We are unable to provide any additional information if you contact the department directly as we need to prioritise advising patients who have become unwell with their rheumatological condition.

Should I stop taking my immunosuppressant medication?

Our general advice is to continue your immunosuppressant medications because the health risk associated with a flare of your disease is likely to be greater than the risks associated with COVID-19. This is because:

  • of the symptoms of your disease itself
  • infection risk can be higher if your disease is not well controlled
  • if you had a flare, the treatments needed to control the flare could be risky.

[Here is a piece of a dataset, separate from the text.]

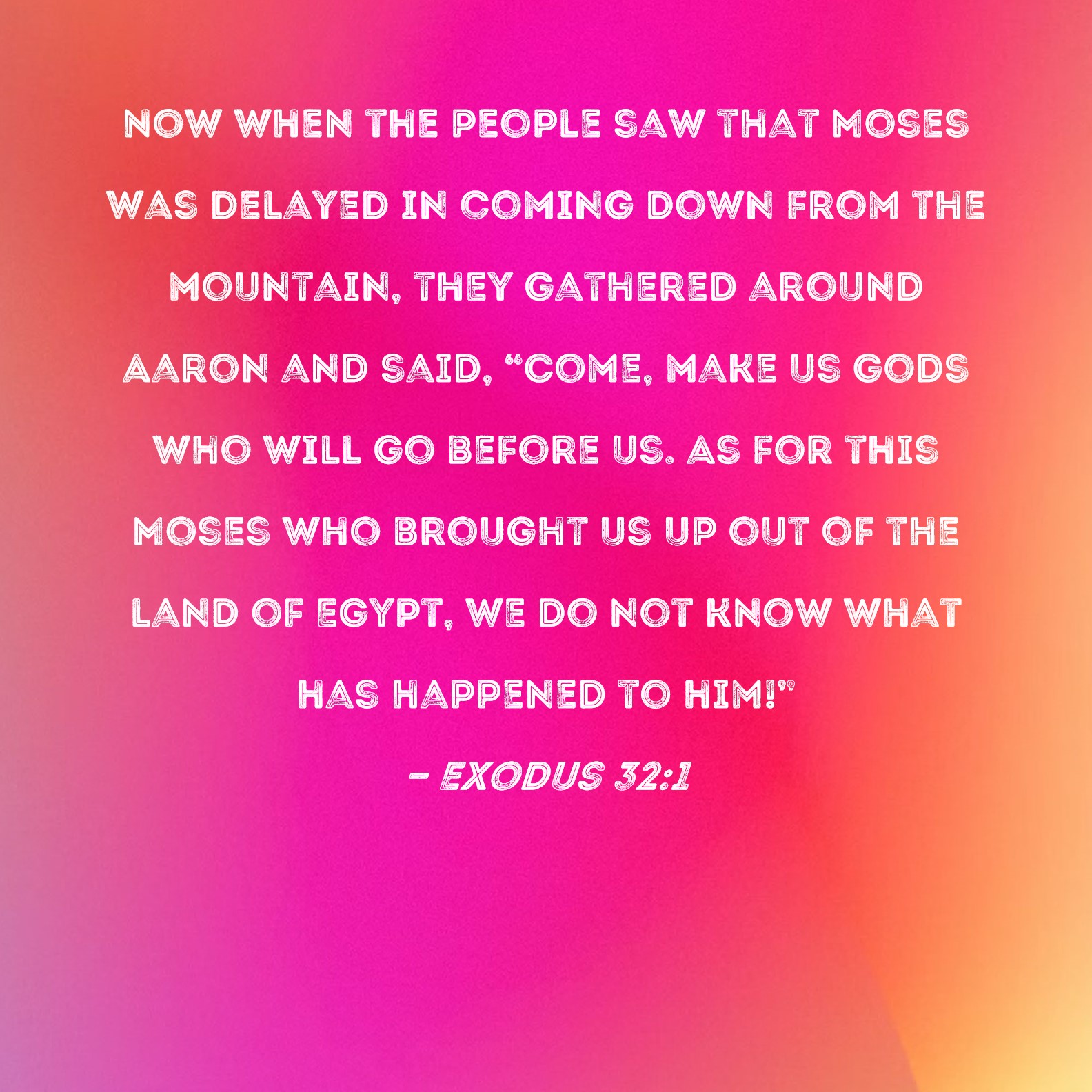 Exodus 32:1 Now when the people saw that Moses was delayed in coming down from the mountain, they gathered around Aaron and said, "Come, make us gods who will go before us. As for this Moses who brought us up out of the land of Egypt, we do not know what has happened to him!"

If you develop a viral infection, immunosuppressants will need to be paused until you feel completely well, as with any infection.

What about steroids?

Steroids should not be stopped suddenly if you have taken more than 5mg for more than four weeks. The dose may need to be increased for those taking low doses of prednisolone who become moderately or severely unwell. Please make sure you tell the doctors treating you that you are taking steroids.

Should I attend my appointment?

We are moving to telephone consultations to reduce the need for patients to travel and attend hospital. If your clinic appointment is changed to a phone consultation, you should receive notification of this in advance.

If you need blood tests, we will arrange this at the time. We are able to post medication for patients that require it and are self-isolating.

We appreciate that this is a significant change in how the NHS operates, but it is necessary to protect you and your family.

Please do not attend the hospital or your GP surgery if you have a continuous cough and/or a fever. Please follow NHS advice, which is regularly updated.